● WHAT TO PRODUCE
Only the lines from the one containing "美檀 进口黑檀木+多层实木板+电镀五金+岩板+静音缓冲导轨 茶几" through the end of the material should be printed, exactly as they appear. Leave out pictures.

● DATA PROVIDED
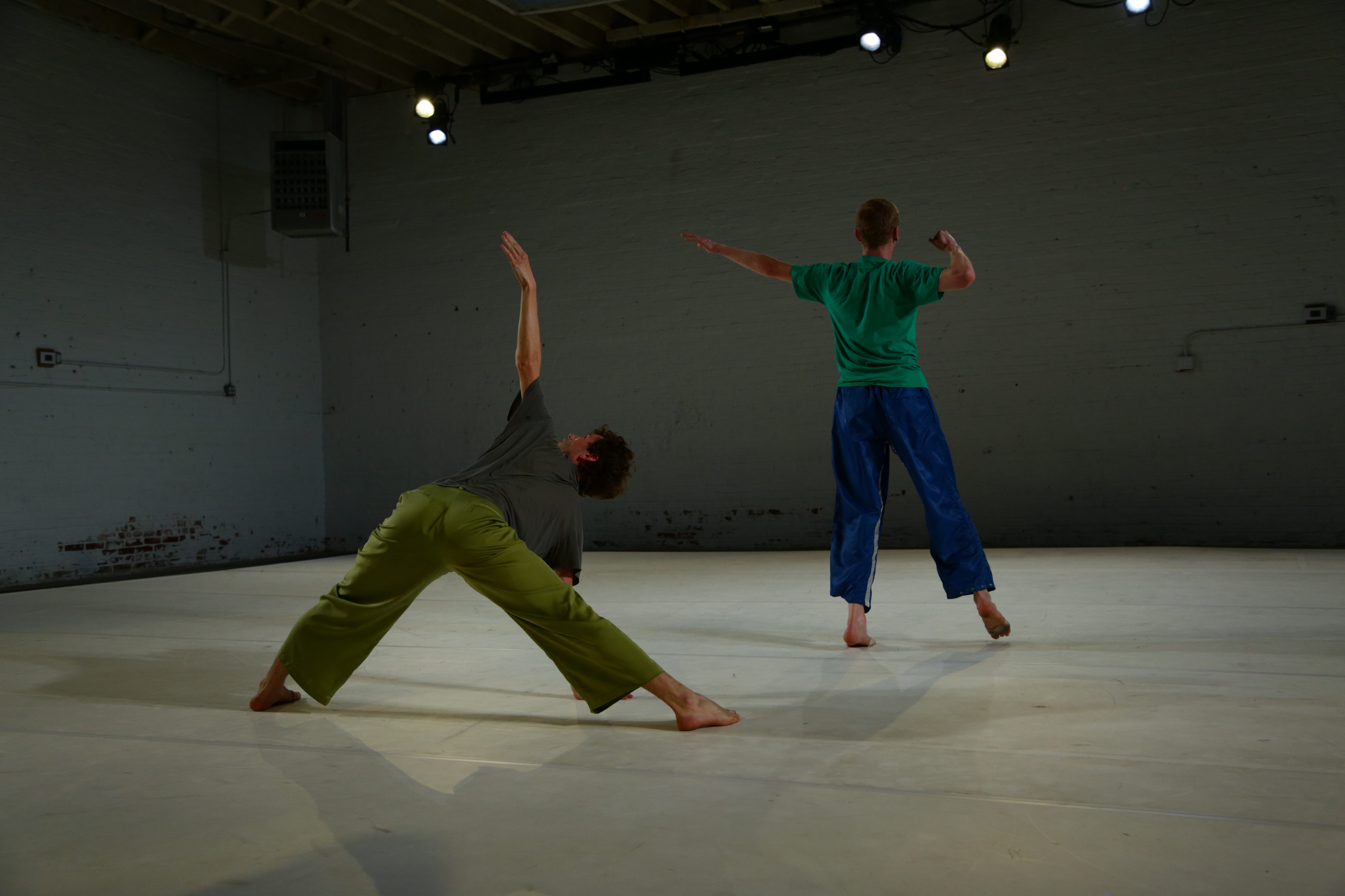 They reprise their rhythmic bounding to punctuate their staggered exit and return to explore new relations of rhythmic and sonic consonance in their breath, channeled through harmonicas. Singly and in loosely staggered harmony, they breathe tinny tones into the blue dim of evening, deep and wistful or high and dreamy, swooping or spinning to alter the sound with their whole bodies. Bertucci’s score joins in with reverberating layers of harmonica, plaintive and airy, metallic and organic. Like their earlier footfalls, the harmonicas lend embodied sonic depth to their movement, opening another dimension to sense how their bodies show up and affect the space around them. They exhale tones as they stride and pause, recede and brighten, leaving shadows and soundwaves in their wake.
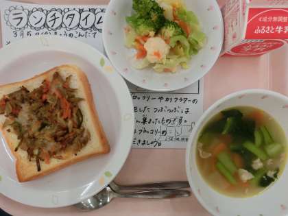 今日の給食は、きんぴらトースト、牛乳、花野菜のサラダ、ABCスープです。
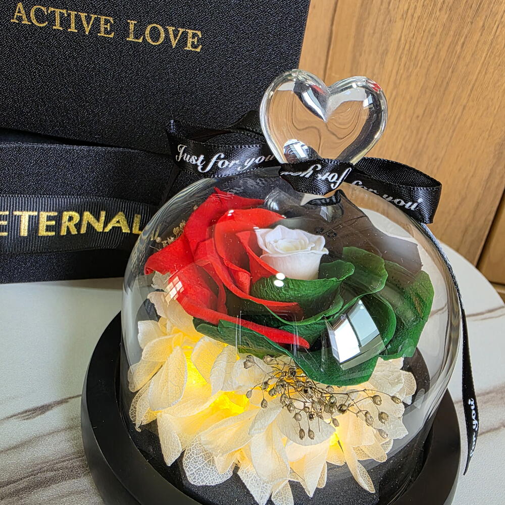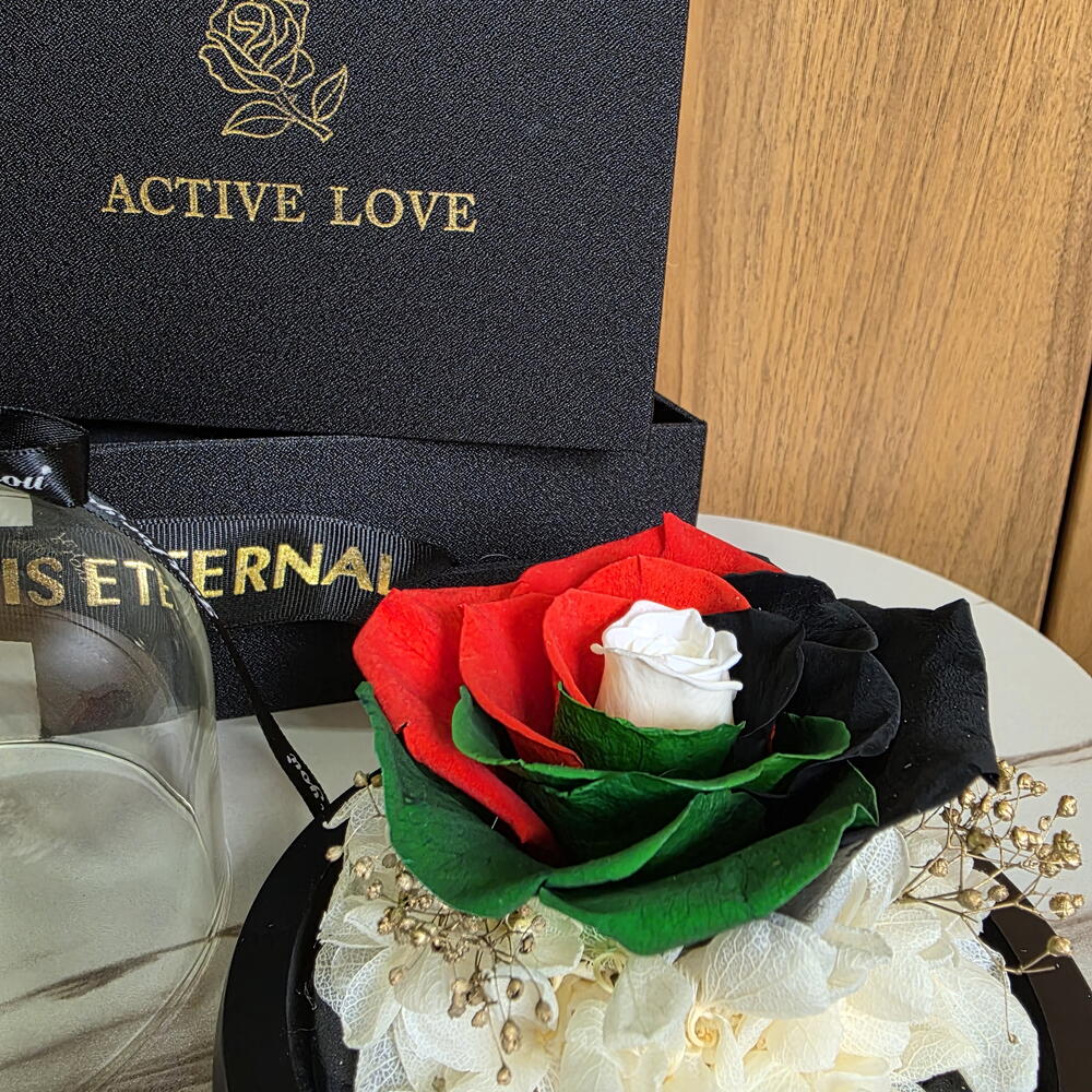 вечная роза цвета флага ОАЭ в стеклянном куполе - 1 шт.
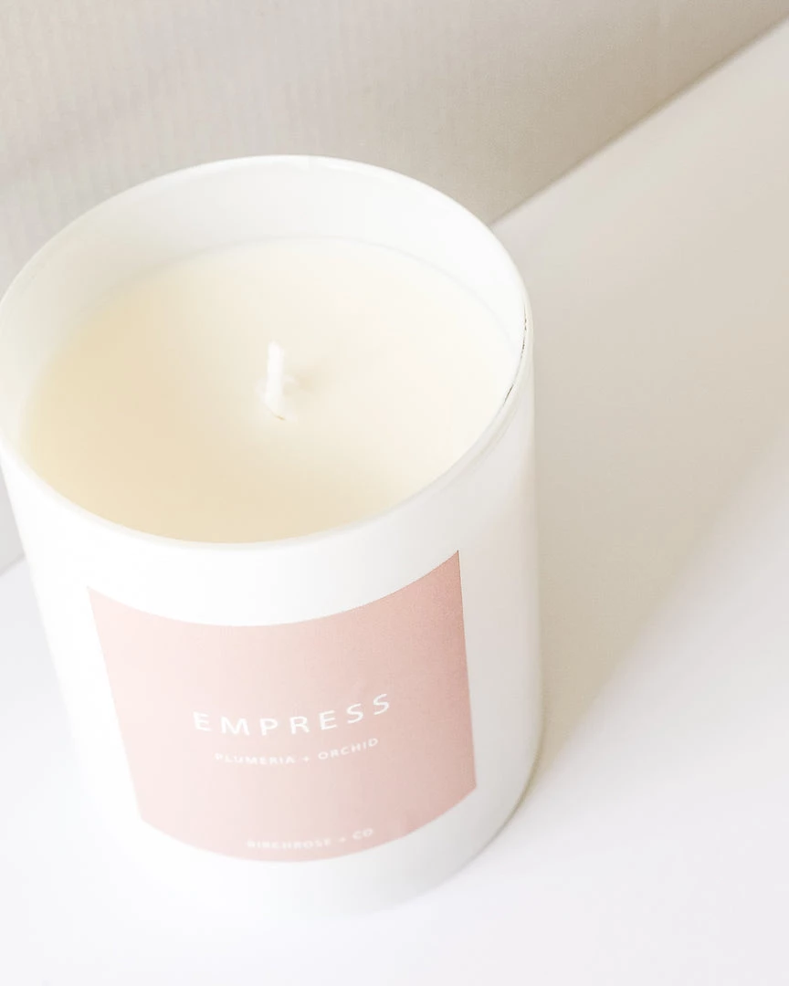 Empress – joyous blend of tropical orchid, sweet plumeria and sea salt. uplifting + bright floral aroma.
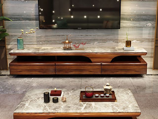 美檀 进口黑檀木+多层实木板+电镀五金+岩板+静音缓冲导轨 茶几
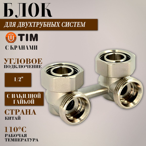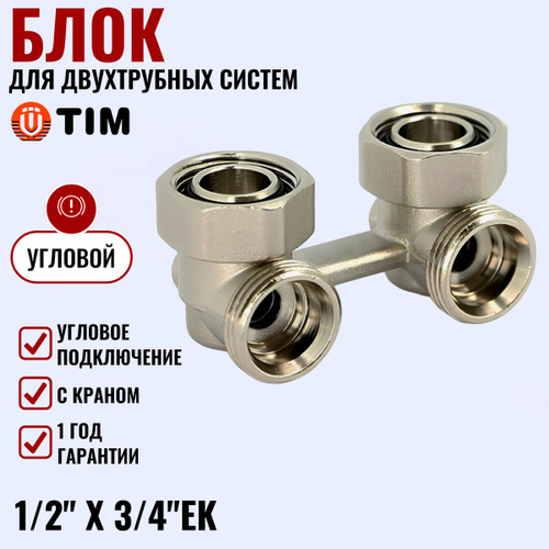 Блок для двухтрубных систем угловой с кранами TIM 1/2" х 3/4"EK

● EXERCISE RESULT
 美檀 进口黑檀木+多层实木板+电镀五金+岩板+静音缓冲导轨 茶几
 Блок для двухтрубных систем угловой с кранами TIM 1/2" х 3/4"EK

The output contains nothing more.